What to work on: Looking at the entries underneath, work out how many lines contain "with". Write only that number.

:::::

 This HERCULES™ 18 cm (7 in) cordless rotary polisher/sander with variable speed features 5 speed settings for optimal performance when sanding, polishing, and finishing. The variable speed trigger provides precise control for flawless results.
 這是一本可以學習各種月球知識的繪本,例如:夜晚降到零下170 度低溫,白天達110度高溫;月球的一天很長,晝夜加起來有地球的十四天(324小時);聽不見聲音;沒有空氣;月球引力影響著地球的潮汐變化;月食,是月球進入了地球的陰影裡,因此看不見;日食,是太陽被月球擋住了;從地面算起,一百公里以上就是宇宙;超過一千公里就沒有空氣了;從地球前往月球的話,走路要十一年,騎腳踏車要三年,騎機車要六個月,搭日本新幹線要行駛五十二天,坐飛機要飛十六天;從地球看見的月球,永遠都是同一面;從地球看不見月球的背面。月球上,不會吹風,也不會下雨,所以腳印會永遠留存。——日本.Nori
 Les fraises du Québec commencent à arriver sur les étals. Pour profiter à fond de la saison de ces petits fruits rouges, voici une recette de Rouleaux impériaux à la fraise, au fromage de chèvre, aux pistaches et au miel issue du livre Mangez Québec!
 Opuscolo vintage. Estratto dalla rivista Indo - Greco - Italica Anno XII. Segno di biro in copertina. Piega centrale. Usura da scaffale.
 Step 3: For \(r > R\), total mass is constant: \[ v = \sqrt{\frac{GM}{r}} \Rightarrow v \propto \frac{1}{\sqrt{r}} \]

:::::

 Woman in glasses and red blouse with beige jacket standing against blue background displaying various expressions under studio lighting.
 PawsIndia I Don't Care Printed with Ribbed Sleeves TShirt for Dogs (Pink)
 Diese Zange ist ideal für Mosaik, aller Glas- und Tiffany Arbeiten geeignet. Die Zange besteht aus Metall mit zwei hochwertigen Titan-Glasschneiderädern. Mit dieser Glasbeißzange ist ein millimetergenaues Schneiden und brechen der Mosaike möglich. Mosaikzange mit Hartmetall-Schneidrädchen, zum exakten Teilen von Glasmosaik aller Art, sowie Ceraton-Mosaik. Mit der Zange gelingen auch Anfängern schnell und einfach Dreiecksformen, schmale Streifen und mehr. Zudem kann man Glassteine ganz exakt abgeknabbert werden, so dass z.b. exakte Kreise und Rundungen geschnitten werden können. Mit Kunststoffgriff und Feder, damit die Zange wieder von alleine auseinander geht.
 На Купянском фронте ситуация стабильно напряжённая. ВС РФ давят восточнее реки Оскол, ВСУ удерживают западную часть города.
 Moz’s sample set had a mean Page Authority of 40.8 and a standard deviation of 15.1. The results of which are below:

:::::

Answer: 3